Consider a simple defense mechanism, such as pepper spray. Beason believes that while "it's up to the individual whether or not to use a defensive weapon, if you choose to arm yourself become familiar with the weapon and keep it accessible."

In the office, talk with others about their concerns. Agree to leave together at a set hour. Park your cars in the same area, leave the office together, and escort one another. Some work may not be finished, and some co-workers may have to wait a few minutes before leaving, but fear will be reduced - an acceptable trade-off.

Meet with your bosses and convey your concerns. Supervisors can offer solutions, such as overtime escorts or altered work schedules, only if they're aware of the problem.

While assault statistics are relatively low in this area, the concern is real. Rather than surrender to fear, work with your co-workers and bosses to arrive at acceptable solutions. Open discussion is often the first step to problem solving.

Q: I had money stolen from my desk. I feel I can't trust anyone here anymore.

A: While you're disappointed by dishonesty, you're also suffering from a sense of diminished security. Regaining security will help restore your good relationships with your co-workers.

Because theft is always a possibility, assume that you are a target and take precautions accordingly. No one should leave anything of value unattended in the workplace. If a theft occurs, notify your supervisor and then law enforcement. If several thefts occur, efforts to stop the crime wave will be greater if everyone is aware of its magnitude.

If you must take cash, credit cards or checks for use throughout the day, take only what you'll actually use and carry it on you. Leave the rest at home.

If you have a drawer that locks, use it and make it a ritual to lock the drawer and doublecheck the security. Carry the key with you at all times - you aren't safe if you lock a drawer and leave the keys on your desk.

Removing the possibility of theft from your work area will allow you to resume feelings of goodwill.

Q: We have a truly incompetent co-worker who's become the target of jokes shared by other co-workers and our boss.
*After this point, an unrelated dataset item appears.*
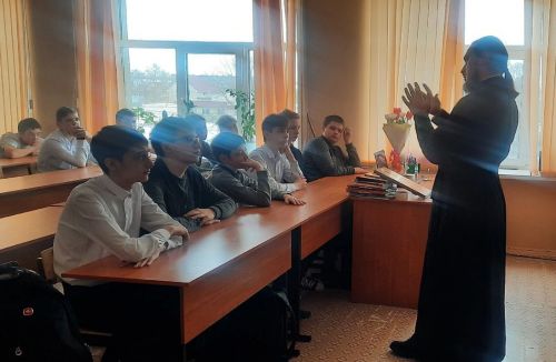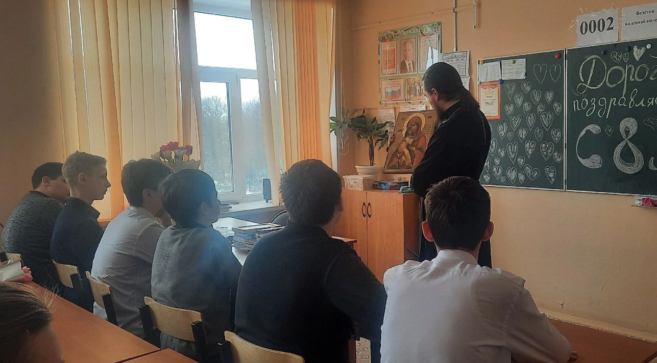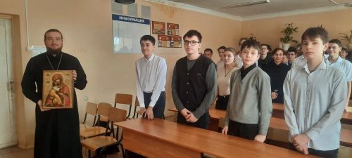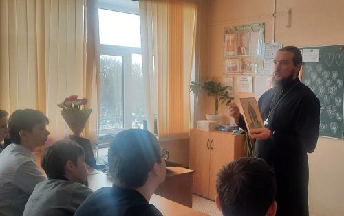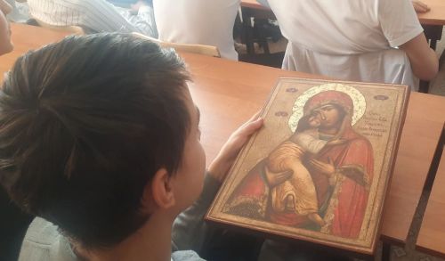 Чтобы сделать свой рассказ более наглядным, отец Александр принес на занятие иконы. Ребята с интересом внимали повествованию, многие открыли для себя совершенно новые грани знаний по истории, в том числе, по церковной, а также по культуре и искусству.

The person is unfit for the job, but it seems wrong to have these discussions behind someone's back.

A: It is wrong to mock a co-worker; it's worse when a supervisor participates as a peer. It's a supervisor's responsibility to ensure co-workers demonstrate courteous and respectful behavior toward one another; it's also the supervisor's responsibility either to elicit the desired behavior from an employee or to terminate the employment.

Talk with your supervisor. Explain you're uncomfortable participating in the discussions. Add that you welcome the opportunity to participate in efforts to improve the co-worker's performance.

Following that meeting, use a conversation-stopper whenever the critique begins. One stopper: "I've never been comfortable talking negatively about anyone behind his [or her] back. Please excuse me." Then leave. Another stopper: "Whenever we can move to discussing a plan to help him improve, please count me in. Until then, I really don't feel right talking about him." Then leave.

If the behavior doesn't cease, you have - at a minimum - established your boundaries without offending others. It's unlikely you'll be included in future gripe sessions. In the happiest scenario, your actions and words may serve as models for others.